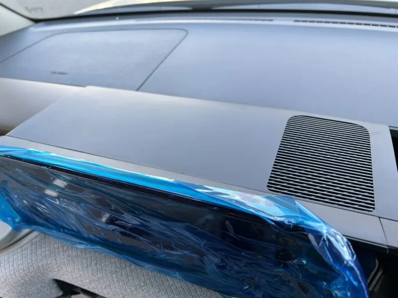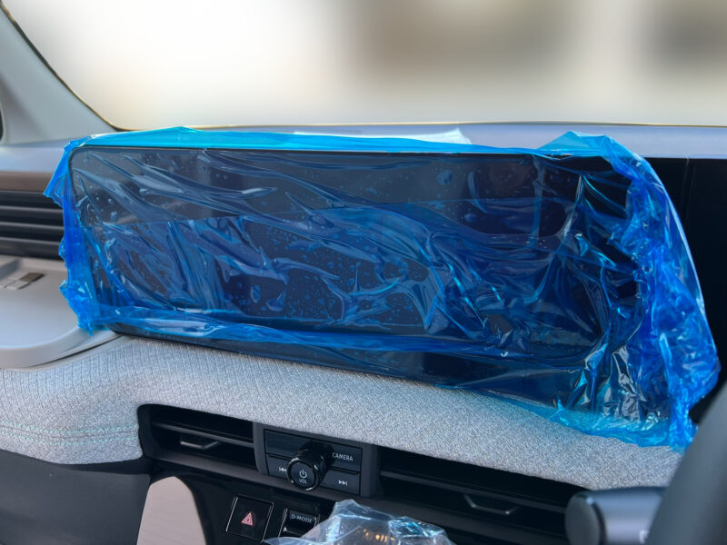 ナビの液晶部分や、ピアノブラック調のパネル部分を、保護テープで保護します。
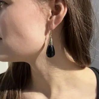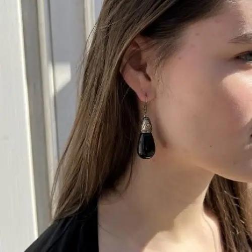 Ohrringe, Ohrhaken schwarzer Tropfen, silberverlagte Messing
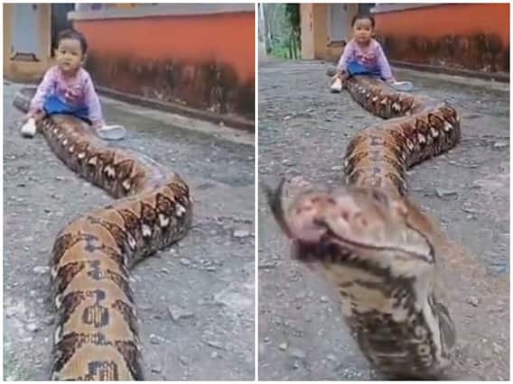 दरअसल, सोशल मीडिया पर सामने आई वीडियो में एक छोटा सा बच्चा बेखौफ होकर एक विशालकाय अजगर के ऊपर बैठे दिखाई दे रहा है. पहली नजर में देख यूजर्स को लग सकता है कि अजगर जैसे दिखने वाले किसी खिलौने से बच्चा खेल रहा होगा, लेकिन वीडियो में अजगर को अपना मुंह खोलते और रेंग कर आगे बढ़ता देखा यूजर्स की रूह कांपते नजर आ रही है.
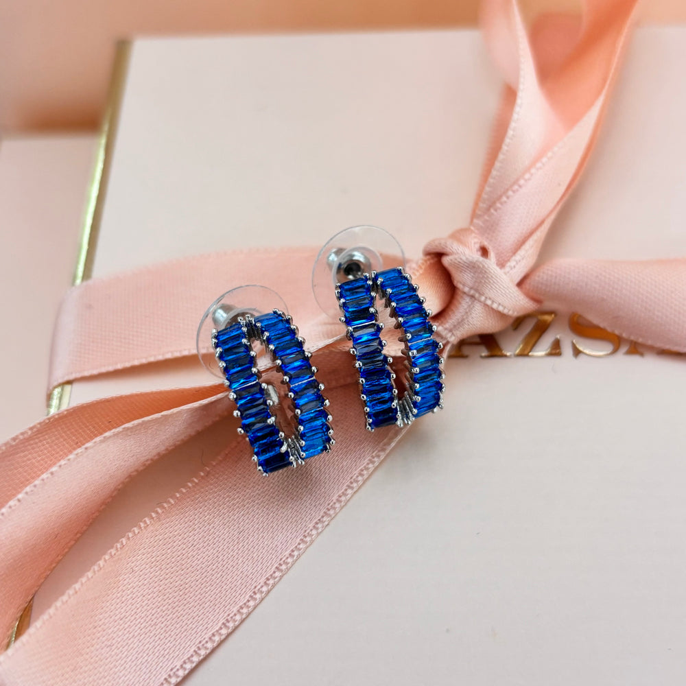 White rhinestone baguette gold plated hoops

★ ★ ★ ★ ★ ★ ★

→ YOUR GOAL
Return the material exactly as written, except for any pictures it holds.

→ EXERCISE ANSWER
 ナビの液晶部分や、ピアノブラック調のパネル部分を、保護テープで保護します。
 Ohrringe, Ohrhaken schwarzer Tropfen, silberverlagte Messing
 दरअसल, सोशल मीडिया पर सामने आई वीडियो में एक छोटा सा बच्चा बेखौफ होकर एक विशालकाय अजगर के ऊपर बैठे दिखाई दे रहा है. पहली नजर में देख यूजर्स को लग सकता है कि अजगर जैसे दिखने वाले किसी खिलौने से बच्चा खेल रहा होगा, लेकिन वीडियो में अजगर को अपना मुंह खोलते और रेंग कर आगे बढ़ता देखा यूजर्स की रूह कांपते नजर आ रही है.
 White rhinestone baguette gold plated hoops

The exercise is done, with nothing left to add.